Climate action
Toolbox
Published: October 31, 2007
The governor's commission on climate change produced its long-awaited report last week, outlining an ambitious course of action on energy and economic issues.
Gov. James Douglas established the commission two years ago with the goal of reducing greenhouse gas emissions 25 percent below 1990 levels by 2012 and 50 percent below by 2028. Since then Douglas has become embroiled in a variety of climate-related political controversies that, one hopes, the work of the commission will help resolve in a positive way.
Ernest Pomerleau, a pillar of the Burlington area business community, was chairman of the commission, and so the commission's report cannot be dismissed as the work of wild-eyed environmentalists. The climate issue is grounded in the facts of the economy, local and global.
One of the principal conclusions of the commission's report is that to address the climate issue in a meaningful way it must be attacked on all fronts. The report discusses a variety of ways to cut down on fossil fuel consumption and otherwise reduce the state's carbon footprint. And it says the state must do all of them.

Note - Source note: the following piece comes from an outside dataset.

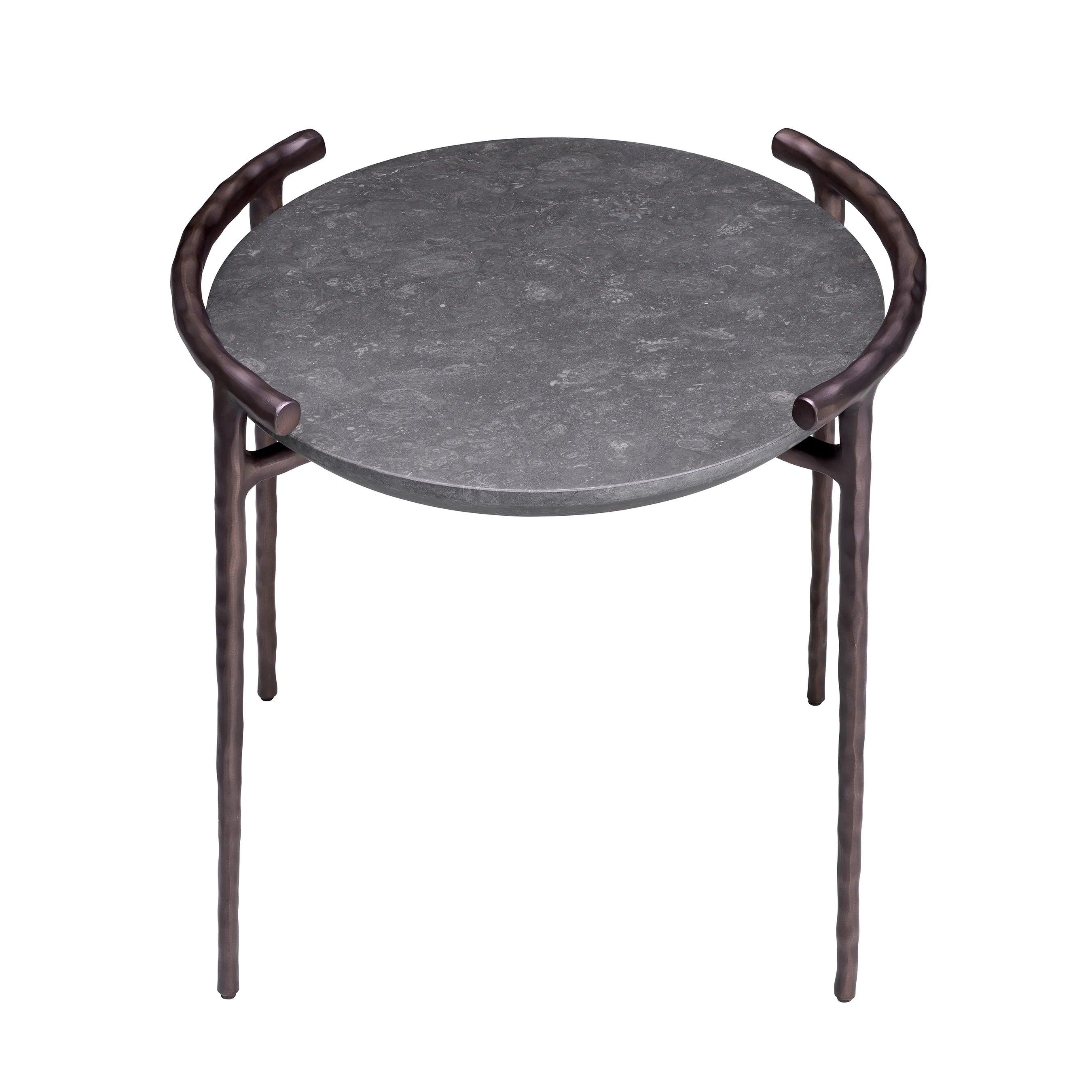 Kovové nohy v bronzové barvě nejsou jen výrazem pevnosti a trvanlivosti, ale také dodávají stolku neuvěřitelnou eleganci. Jejich povrchová úprava odkazuje na starověké řemeslné techniky, čímž nábytku dodává hloubku a historii.

One of the significant recommendations of the report is to reduce the consumption of heating fuels in homes and businesses the way that the state has used Efficiency Vermont to reduce the consumption of electricity.

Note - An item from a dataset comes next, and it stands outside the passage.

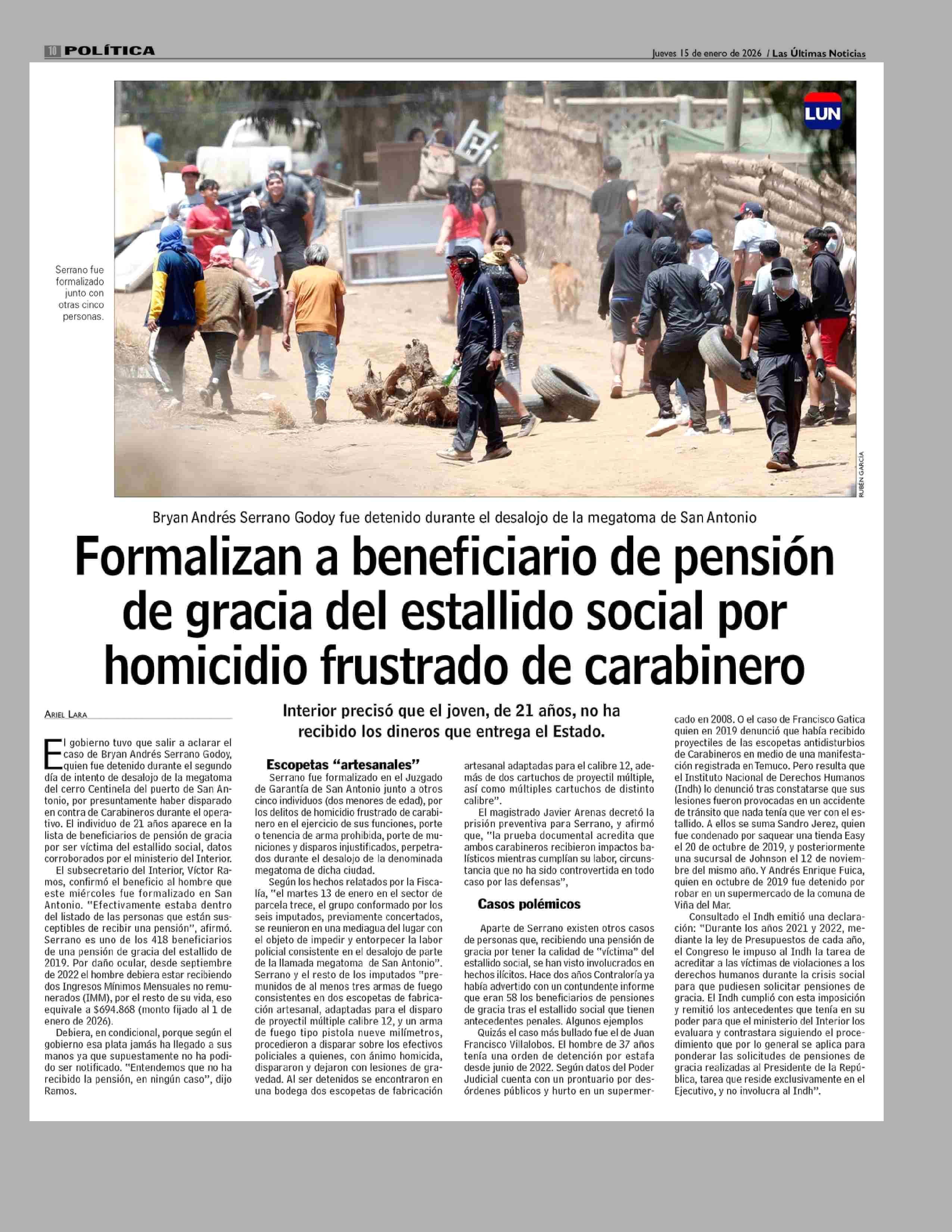 Formalizan a beneficiario de pensión de gracia del estallido social por homicidio frustrado de carabinero 15-01-2026 Las Últimas Noticias |

Douglas vetoed a bill earlier this year that would have established just such a program because of differences about the program's funding. But then he sought to implement by administrative action some of the energy-saving goals that would have been addressed by an expanded version of Efficiency Vermont, which suggest he understands there is a need to act.

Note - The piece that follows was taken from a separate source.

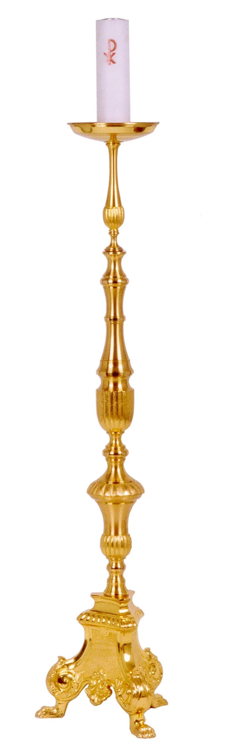 Elegante candelabro barroco, realizado artesanalmente de una calidad excepcional. Disponible en varios acabados.

His own commission has underscored that reality. It will put new impetus behind efforts in the Legislature to craft an all-fuels energy conservation program that will not run afoul of the governor's objections. And it will put new pressure on Douglas to join in the effort to take aggressive action on energy conservation.
Douglas sought to define the agenda of the coming year by conducting a listening tour during which he heard the concerns of Vermonters. The conclusions he drew from his tour were disturbing.
He said he did not hear a great clamor from Vermonters about climate change. He said Vermonters were more concerned about their taxes.
Vermonters are concerned about both. The clamor about climate is out there, and if Douglas hasn't heard it, it is because he hasn't been listening, or he has been listening selectively. Now his own commission has joined the clamor.
The clamor has arisen because of the mounting evidence that climate change is upon us. We have become familiar with the effects of climate change: the shrinking ice caps, the receding glaciers, the imperiled species, the droughts and storms. But now these effects are themselves becoming causes for accelerating change.
Recent reports say that carbon emissions are growing faster even than the worst-case scenarios previously predicted. One report showed that the oceans are no longer absorbing carbon dioxide as they used to, which could speed global warming beyond even the most dire warnings.
The governor's commission has pointed the way, and if Douglas is listening, he will embrace its findings as his own.